11. Intentionally left blank.
12. Intentionally left blank.
13. Notices. All notices, consents, assignments and other
communications under this Agreement shall be in writing and shall
be deemed to have been duly given when (a) delivered by hand, (b)
sent by telex or facsimile (with receipt confirmed), provided
that a copy is mailed by registered mail, return receipt
requested, or (c) received by the delivery service (receipt
requested), in each case to the appropriate addresses, telex
numbers and facsimile numbers set forth below (or to such other
addresses, telex numbers and facsimile numbers as a party may
designate as to itself by notice to the other parties),
(a) If to SHOK:
Facsimile No.:
Attention:
With a copy to:
Xxxxx Law Group
0000 Xxxx Xxxxxx
Xxxxxxx Xxxxx, XX 00000
Facsimile No.:
Attention:
(b) If to GULF:
Facsimile No.:
Attention:
With a copy to:
Xxxxxxx & Xxxxxxxx, Ltd.
000 X. Xxxxxxx Xxxx., Xxxxx 000
Xxx Xxxxx, XX 00000
Facsimile No.: (000) 000-0000
14. Miscellaneous.
14.1. Expenses. Each party shall bear its own expenses
incident to the preparation, negotiation, execution and delivery
of this Agreement and the performance of its obligations
hereunder.
14.2. Captions. The captions in this Agreement are for
convenience of reference only and shall not be given any effect
in the interpretation of this agreement,
14.3. No Waiver. The failure of a party to insist upon strict
adherence to any term of this Agreement on any occasion shall not
be considered a waiver or deprive that party of the right
thereafter to insist upon strict adherence to that term or any
other term of this Agreement. Any waiver must be in writing.

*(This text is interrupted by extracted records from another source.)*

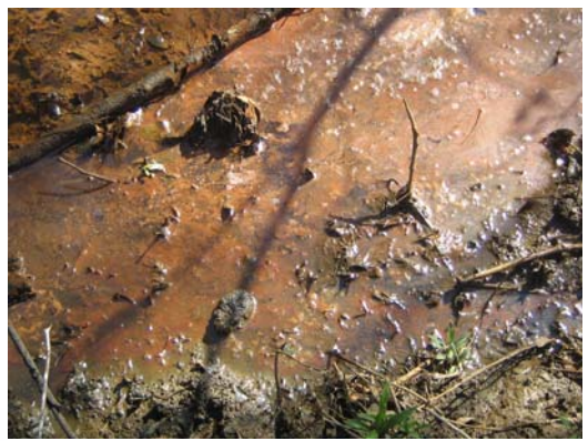
Leaves, Algae and Sediment in a Polluted
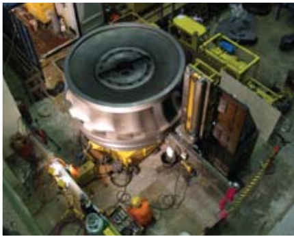
Hydro-Electric Power Generation
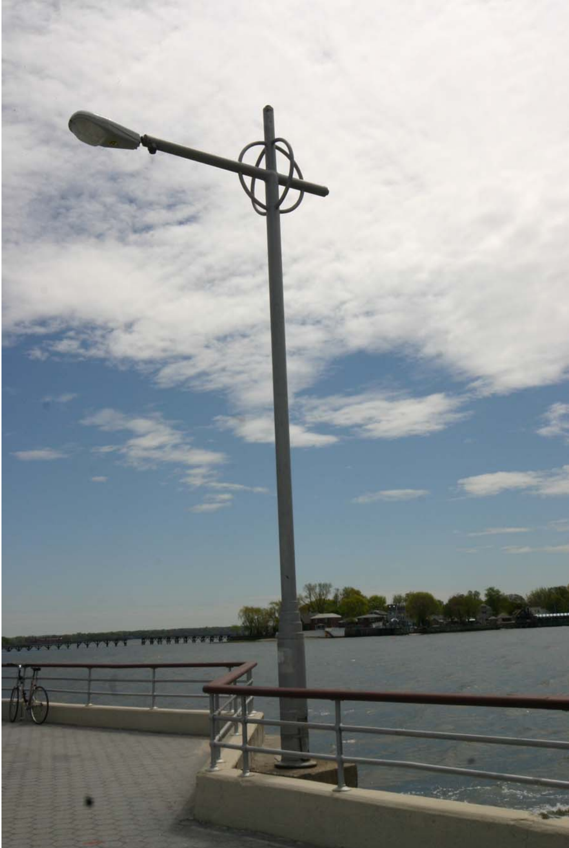
Orchard Beach Bath House and Promenade: Original Lamp Post
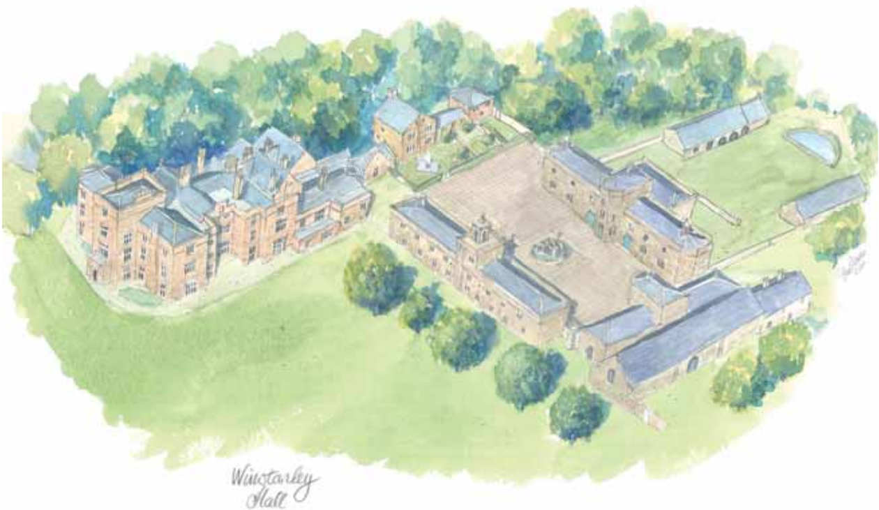
Birds Eye view by Huw Thomas showing the full extent of the house and the impressive stable court surrounded by Meyrick Banks's delightfully eccentric buildings
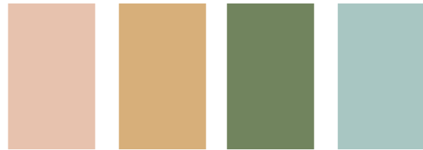
Titahi Bay Sandpaper Queenstown Hill Lakeside
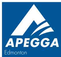
PMS 294 C

Black and White: In black and white publications, a black version of the logo or a white (reversed out of black background) version may be used based on the design of the print piece. When printing on paper stock other than white, it is strongly recommended that the black version of the logo be used. These guidelines apply to web applications of the logo as well. It is recommended that the black or reversed version of the logo be used when the background is any colour other than white.
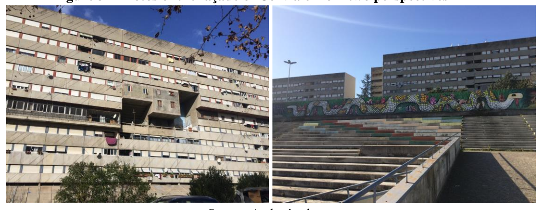
Figure 3 - Photos of the façade of Corviale from two perspectives

In the original project, the residential floors were interrupted in the middle by a "free floor" (as called in Fiorentino, 1974) that was dedicated for commercial services. The floor separated different residential types. On the upper floors, the houses are distributed by galleries and accessed through the five main staircases. The lower floors contain in-line houses that are connected by secondary staircases. The two typologies can be identified by the colours around the windows outside: red for the first ones, and blue for the second ones.
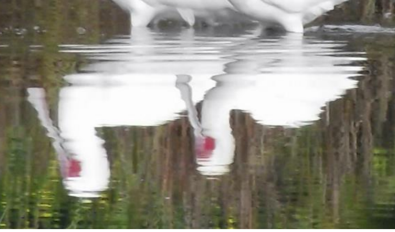
Figure 1. African Spoonbills, Intaka Island, Century City, Cape Town. BirdPix section of the ADU Virtual Museum. Photographer © Fanie Rautenbach. (See http://vmus.adu.org.za/?vm=BirdPix-262)

This paper deals with the African Spoonbill Platalea alba (Figure 1). The threat status of this species is given as "Least Concern" (Taylor et al. 2015).
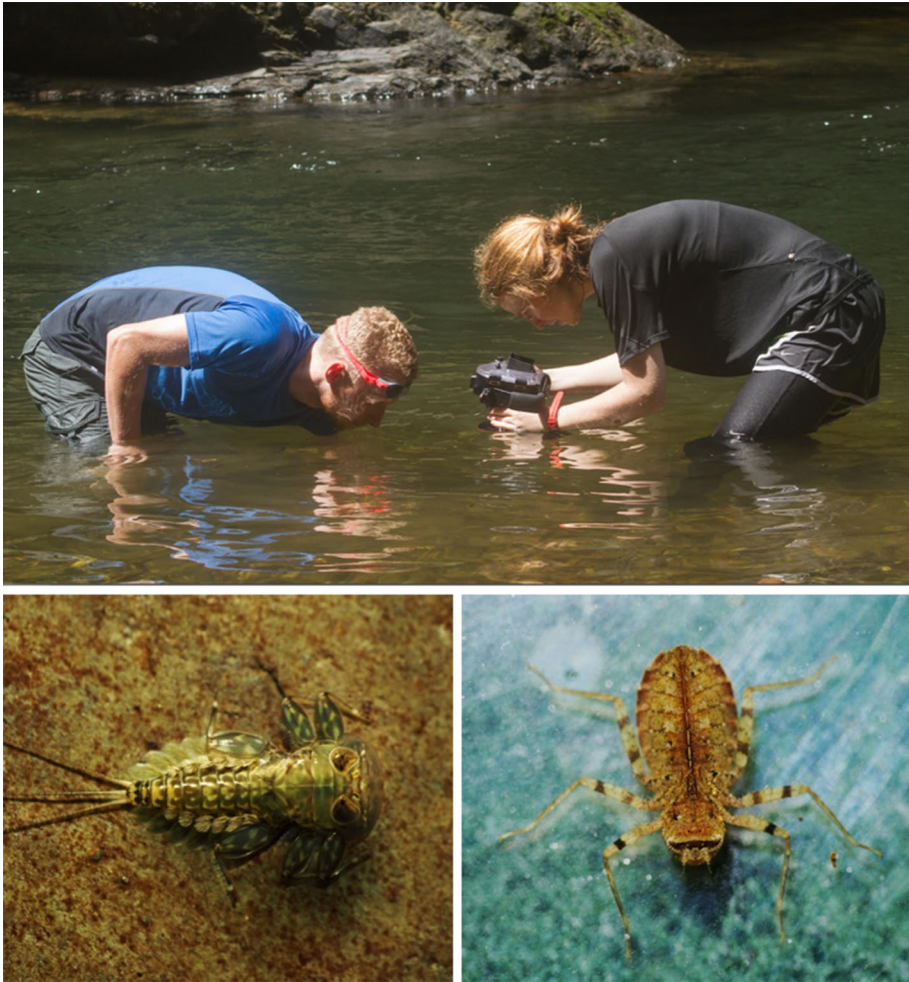
Fig. 1 Photography being conducted in Temburong National Park to capture characteristics of the resident fauna (top photo), Heptageniidae (flattened mayfly) (left photo) and a Macromia cydippe (Dragonfly) (right photo)
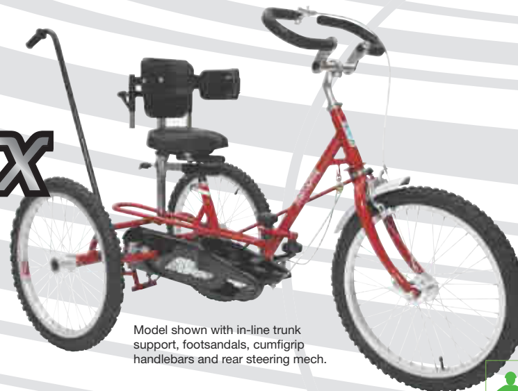
Model shown with in-line trunk support, footrests, cumfigrip handlebars and rear steering mech.

A robust tricycle designed to accommodate the larger and heavier child. The TMX has 20" wheels, a caliper brake with a parking brake mechanism and an option which allows the frame to be folded for transportation and storage.
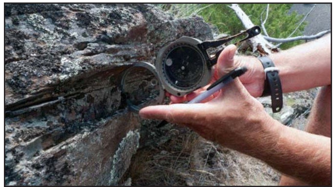
Figure 11. Use of tools in the field (e.g., Brunton compass) requires knowledge of how to use the instrument itself, and knowing where to make measurements, why this measurement should be made, and how it will be applied.

tools are tied to a mind that is learning to see and think as a geologist through the actual work of deciding what parts of the landscape to describe, measure, or sample and thus to return from the field with analytically relevant representations of what they saw there (Fig. 11).

14.4. Exclusive Agreement; Amendment. This Agreement
supersedes all prior agreements among the parties with respect to
its subject matter with respect thereto and cannot be changed or
terminated orally.
14.5. Counterparts. This Agreement may be executed in two or
more counterparts, each of which shall be considered an original,
but all of which together shall constitute the same instrument.
14.6. Governing Law. This Agreement and (unless otherwise
provided) all amendments hereof and waivers and consents
hereunder shall be governed by the internal law of the State of
Nevada, without regard to the conflicts of law principles thereof
14.7. Binding Effect. This Agreement shall inure to the
benefit of and be binding upon the parties hereto and their
respective successors and assigns, provided that neither party
may assign. its rights hereunder without the consent of the
other, provided that, after the Closing, no consent of GULF shall
be needed in connection with any merger or consolidation of SHOK
with or into another entity.
IN WITNESS WHEREOF, the corporate parties hereto have caused this
Agreement to be executed by their respective officers, hereunto
duly authorized, and entered into as of the date first above
written.
Xxxxxxxxxxxxxx.Xxx, INC. GULFTEX ENERGY CORP.